● Description of the task:
Your task is to transcribe the data exactly while omitting each picture.

(Dataset items)
========================

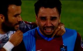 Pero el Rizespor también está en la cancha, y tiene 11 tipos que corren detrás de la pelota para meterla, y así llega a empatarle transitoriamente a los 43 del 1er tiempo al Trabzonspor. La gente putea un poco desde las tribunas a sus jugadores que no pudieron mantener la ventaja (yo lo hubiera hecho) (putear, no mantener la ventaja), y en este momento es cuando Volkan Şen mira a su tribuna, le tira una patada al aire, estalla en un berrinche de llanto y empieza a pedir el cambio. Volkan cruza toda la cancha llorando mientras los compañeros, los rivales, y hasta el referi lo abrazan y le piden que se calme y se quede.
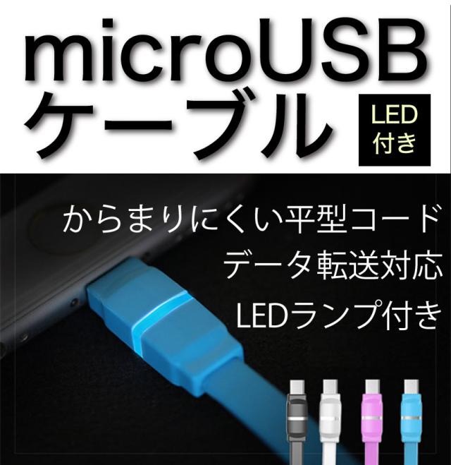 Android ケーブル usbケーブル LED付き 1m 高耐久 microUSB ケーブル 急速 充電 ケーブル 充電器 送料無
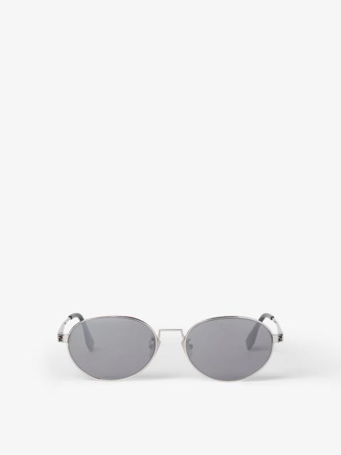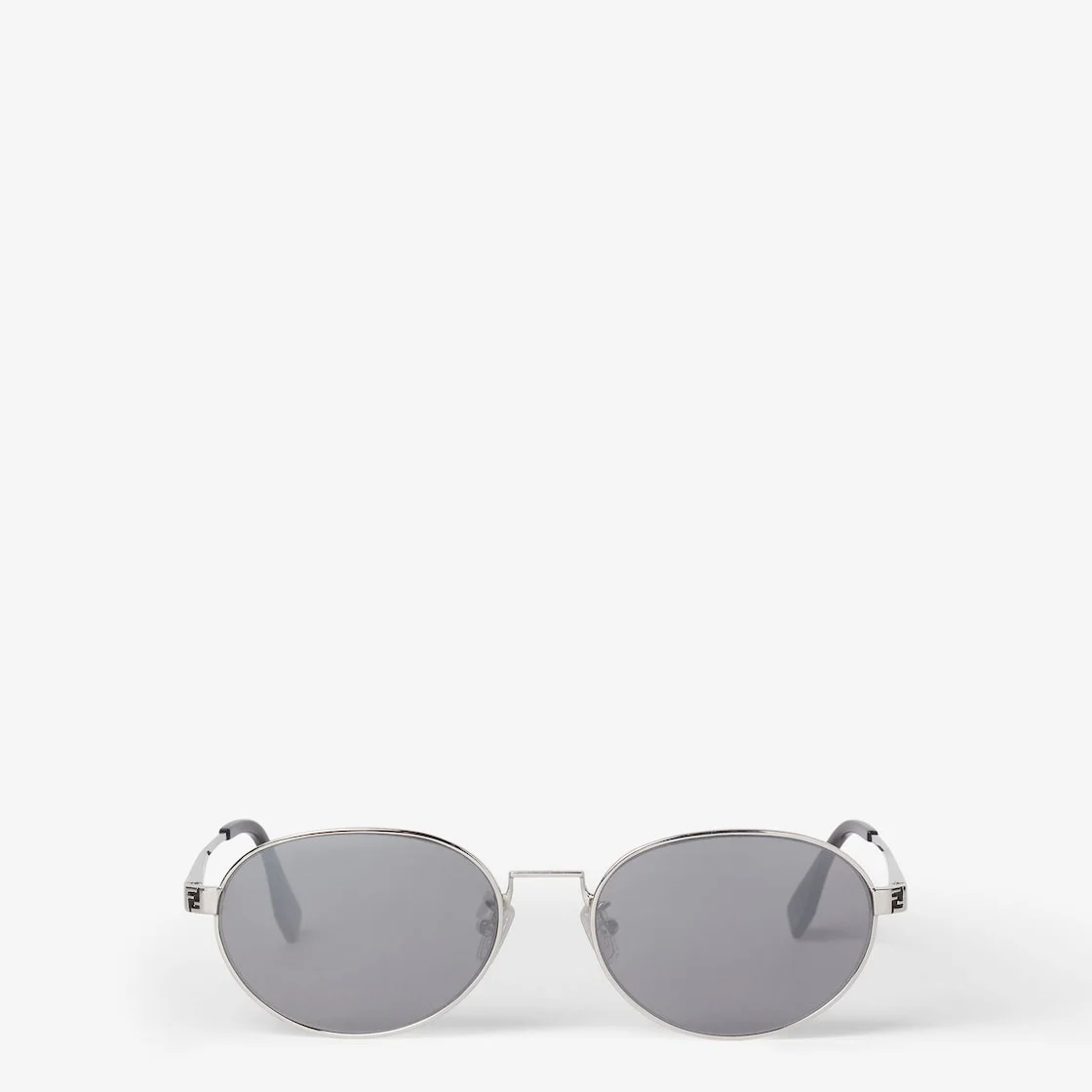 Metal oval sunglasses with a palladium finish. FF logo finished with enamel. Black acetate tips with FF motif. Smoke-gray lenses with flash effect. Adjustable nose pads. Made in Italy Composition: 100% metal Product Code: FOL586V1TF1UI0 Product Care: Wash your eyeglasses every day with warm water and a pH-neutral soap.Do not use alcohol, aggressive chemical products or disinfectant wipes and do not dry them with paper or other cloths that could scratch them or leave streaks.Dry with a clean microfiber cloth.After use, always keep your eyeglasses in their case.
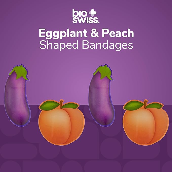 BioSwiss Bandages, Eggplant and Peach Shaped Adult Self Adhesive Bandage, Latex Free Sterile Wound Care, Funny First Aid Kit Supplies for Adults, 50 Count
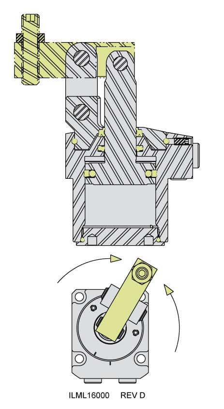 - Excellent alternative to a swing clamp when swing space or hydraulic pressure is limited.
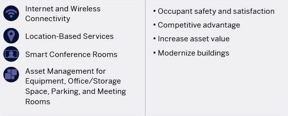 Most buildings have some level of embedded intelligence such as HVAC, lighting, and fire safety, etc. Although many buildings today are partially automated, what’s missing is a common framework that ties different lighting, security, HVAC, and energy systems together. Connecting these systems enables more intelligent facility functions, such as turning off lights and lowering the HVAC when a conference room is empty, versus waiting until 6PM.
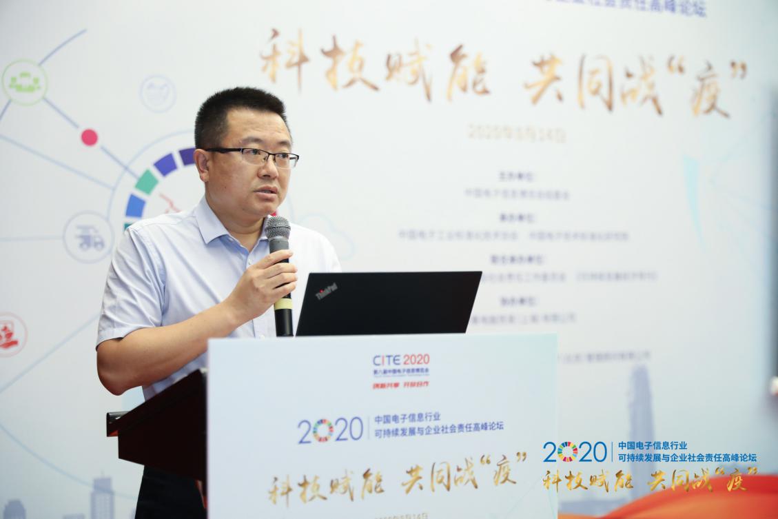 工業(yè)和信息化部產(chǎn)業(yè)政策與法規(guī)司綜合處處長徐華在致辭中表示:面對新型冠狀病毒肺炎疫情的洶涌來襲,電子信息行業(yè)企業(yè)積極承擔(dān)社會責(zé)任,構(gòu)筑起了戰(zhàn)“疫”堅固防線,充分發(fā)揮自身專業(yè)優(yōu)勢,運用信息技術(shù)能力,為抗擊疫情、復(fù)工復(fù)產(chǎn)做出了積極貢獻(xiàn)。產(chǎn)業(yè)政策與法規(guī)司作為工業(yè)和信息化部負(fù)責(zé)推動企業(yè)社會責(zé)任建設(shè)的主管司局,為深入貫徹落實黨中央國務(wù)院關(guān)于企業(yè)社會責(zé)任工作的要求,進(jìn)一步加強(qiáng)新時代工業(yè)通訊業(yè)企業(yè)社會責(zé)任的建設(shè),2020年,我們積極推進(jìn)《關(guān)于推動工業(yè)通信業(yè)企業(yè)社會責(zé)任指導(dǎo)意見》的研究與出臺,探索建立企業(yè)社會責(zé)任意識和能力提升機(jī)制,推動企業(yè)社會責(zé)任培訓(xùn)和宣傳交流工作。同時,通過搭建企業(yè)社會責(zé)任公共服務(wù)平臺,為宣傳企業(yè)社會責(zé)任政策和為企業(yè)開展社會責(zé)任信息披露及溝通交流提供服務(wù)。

========================

● Exercise solution:
 Pero el Rizespor también está en la cancha, y tiene 11 tipos que corren detrás de la pelota para meterla, y así llega a empatarle transitoriamente a los 43 del 1er tiempo al Trabzonspor. La gente putea un poco desde las tribunas a sus jugadores que no pudieron mantener la ventaja (yo lo hubiera hecho) (putear, no mantener la ventaja), y en este momento es cuando Volkan Şen mira a su tribuna, le tira una patada al aire, estalla en un berrinche de llanto y empieza a pedir el cambio. Volkan cruza toda la cancha llorando mientras los compañeros, los rivales, y hasta el referi lo abrazan y le piden que se calme y se quede.
 Android ケーブル usbケーブル LED付き 1m 高耐久 microUSB ケーブル 急速 充電 ケーブル 充電器 送料無
 Metal oval sunglasses with a palladium finish. FF logo finished with enamel. Black acetate tips with FF motif. Smoke-gray lenses with flash effect. Adjustable nose pads. Made in Italy Composition: 100% metal Product Code: FOL586V1TF1UI0 Product Care: Wash your eyeglasses every day with warm water and a pH-neutral soap.Do not use alcohol, aggressive chemical products or disinfectant wipes and do not dry them with paper or other cloths that could scratch them or leave streaks.Dry with a clean microfiber cloth.After use, always keep your eyeglasses in their case.
 BioSwiss Bandages, Eggplant and Peach Shaped Adult Self Adhesive Bandage, Latex Free Sterile Wound Care, Funny First Aid Kit Supplies for Adults, 50 Count
 - Excellent alternative to a swing clamp when swing space or hydraulic pressure is limited.
 Most buildings have some level of embedded intelligence such as HVAC, lighting, and fire safety, etc. Although many buildings today are partially automated, what’s missing is a common framework that ties different lighting, security, HVAC, and energy systems together. Connecting these systems enables more intelligent facility functions, such as turning off lights and lowering the HVAC when a conference room is empty, versus waiting until 6PM.
 工業(yè)和信息化部產(chǎn)業(yè)政策與法規(guī)司綜合處處長徐華在致辭中表示:面對新型冠狀病毒肺炎疫情的洶涌來襲,電子信息行業(yè)企業(yè)積極承擔(dān)社會責(zé)任,構(gòu)筑起了戰(zhàn)“疫”堅固防線,充分發(fā)揮自身專業(yè)優(yōu)勢,運用信息技術(shù)能力,為抗擊疫情、復(fù)工復(fù)產(chǎn)做出了積極貢獻(xiàn)。產(chǎn)業(yè)政策與法規(guī)司作為工業(yè)和信息化部負(fù)責(zé)推動企業(yè)社會責(zé)任建設(shè)的主管司局,為深入貫徹落實黨中央國務(wù)院關(guān)于企業(yè)社會責(zé)任工作的要求,進(jìn)一步加強(qiáng)新時代工業(yè)通訊業(yè)企業(yè)社會責(zé)任的建設(shè),2020年,我們積極推進(jìn)《關(guān)于推動工業(yè)通信業(yè)企業(yè)社會責(zé)任指導(dǎo)意見》的研究與出臺,探索建立企業(yè)社會責(zé)任意識和能力提升機(jī)制,推動企業(yè)社會責(zé)任培訓(xùn)和宣傳交流工作。同時,通過搭建企業(yè)社會責(zé)任公共服務(wù)平臺,為宣傳企業(yè)社會責(zé)任政策和為企業(yè)開展社會責(zé)任信息披露及溝通交流提供服務(wù)。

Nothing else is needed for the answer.